Das geplante Kohlekraftwerk schafft Arbeitsplätze – eine Investition in erneuerbare Energie würde acht Mal mehr erreichen.
Der Neubau war jedoch kein Thema auf der Gemeinderatssitzung am 27. Februar diesen Jahres, obwohl dieses Thema am 21. März im GKM-Aufsichtsrat – dessen Vorsitzender der Oberbürgermeister ist - diskutiert wurde. Das Ergebnis dieser Sitzung ist allerdings noch nicht bekannt. Dennoch heißt das für die Bürger/innen Mannheims, die eine Verschärfung des Treibhauseffektes durch Mannheimer Steuergelder nicht unterstützen wollen: Druck ausüben und Zeichen setzen! Wie funktioniert das am besten?
Was können Sie tun? Sie können zum Beispiel E-Mails an die entscheidenden Vertreter der Mannheimer Stadtverwaltung und dem Gemeinderat schicken. So an erster Stelle an den neuen Oberbürgermeister Dr. Peter Kurz (peter.kurz@mannheim.de, Rathaus E5, 68159 Mannheim), der im Aufsichtsrat der Großkraftwerke ist sowie an die einzelnen Fraktionen im Gemeinderat
(CDU: carsten.suedmersen@mannheim.de, SPD: stefan.fulst-blei@mannheim.de,
Grüne: raufelder@gig-mannheim, FDP: Birgit.Reinemund@fdp-mannheim.de,
Mannheimer Liste: MannheimerListe@Mannheim.de).
Eine weitere Möglichkeit, aktiv wirtschaftlichen Druck auf die Betreiber des Kraftwerks auszuüben, ist den Stromanbieter zu wechseln. Sauberen, d.h. auf der Basis von regenerierbaren Energien erzeugter Strom ist nur minimal teuerer als herkömmlicher Strom. Ein Wechsel ist denkbar einfach: Es genügt das Abschicken einer Postkarte oder das Ausfüllen eines Online-Formulars. Auch Greenpeace hat seinen eigenen Ökostomanbieter: Greenpeace Energy (http://www.greenpeace-energy.de/, Tel: 040/808 110-330).
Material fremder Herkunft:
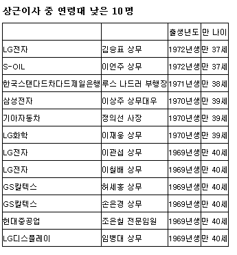 반면, 나이가 가장 어린 임원은 최고령자인 신 회장과 50살 차이가 나는 만 37세의 이언주 S-OIL 상무와 김승표 LG전자 김승표 상무였다.
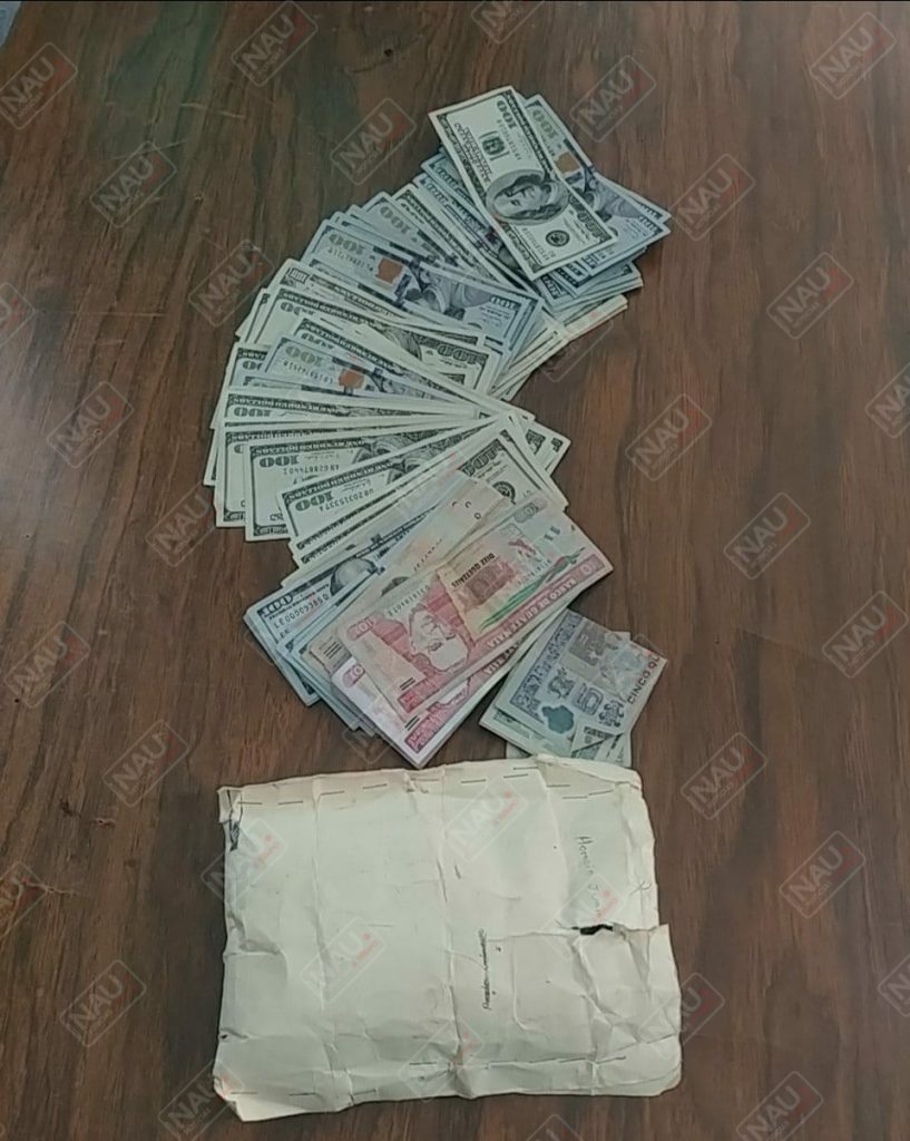 A la persona se le preguntó de donde traía los dólares, pero no supo responder, por ello fue asegurado y trasladado a la fiscalía del ministerio público, por el delito de posesión de recursos presuntamente de procedencia ilícita, al no acreditar su legal procedencia.
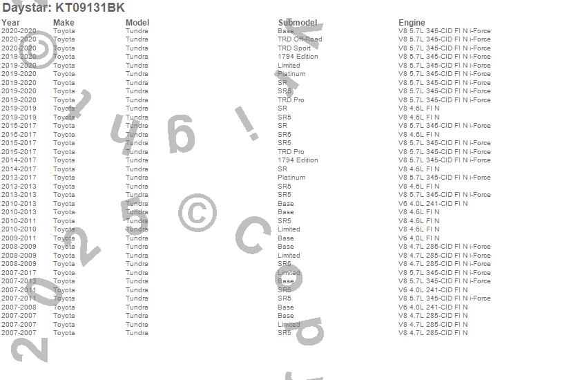 Below is an abbreviated list of applications for the Suspension System/Lift Kit.Tundra, Toyota, 2017, 2016, 2015, 2014, 2013, 2012, 2011, 2010, 2009, 2008, 2007
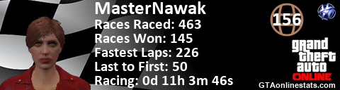 <a href="http://GTAonlinestats.com/showplayer/MasterNawak"><img src="http://GTAonlinestats.com/racesignature/MasterNawak/sig.png" alt="MasterNawak" border="0" /></a>

Oder unterstützen Sie das Bündnis der verschiedenen Umweltschutzgruppen, die schon seit geraumer Zeit auf den Neubau des Kraftwerks hinweisen und zahlreiche Protestaktionen gestartet haben. Zusammen mit MetropolSolar Rhein-Neckar., attac, Robin Wood, BUND und vielen mehr hat Greenpeace Rhein-Neckar im Februar einen Aktionstag am Paradeplatz gegen das geplante Kraftwerk veranstaltet. Gemeinsam mit dem neu gegründeten Bündnis „Initiative Klima Energie Mannheim“, kurz IKEMA genannt, plant Greenpeace auch weiterhin Aktivitäten zu dem Bauvorhaben der GKM.
Wer mitmachen möchte, kann sich direkt an das Netzwerk IKEMA wenden unter Tel.: 06221/16 48 41, Mail: matthias.weyland@bund.net oder an MetropolSolar unter www.metropolsolar.de, Mail: info@metropolsolar.de oder Tel.: 0621/855793. Auch freuen wir uns über neue Mitstreiterinnen und Mitstreiter unserer Energie-Gruppe von Greenpeace Rhein-Neckar. Wer Interesse hat, kann sich unter der Mailadresse rhein-neckar@greenpeace.de oder Tel.: 0621/33 91 69 8 gerne melden. Wir treffen uns jeden 1. und 3. Dienstag im Monat im Umweltzentrum Mannheim und jeden 4. Dienstag beim NABU in Heidelberg.
Etwas zu tun, ist also leichter als man denkt. Helfen Sie deshalb mit, dass das geplante Kohlekraftwerk in Mannheim und damit die Entscheidung zu einer weiteren Schädigung unseres Klimas nicht Wirklichkeit wird. Denn eines ist klar: Es ist sicher nicht möglich hier in Mannheim die Welt zu retten. Aber wir können einen Beitrag dazu leisten. Und das allein zählt.
Es besteht für jeden die Möglichkeit zu handeln – entscheidend ist, es auch zu tun.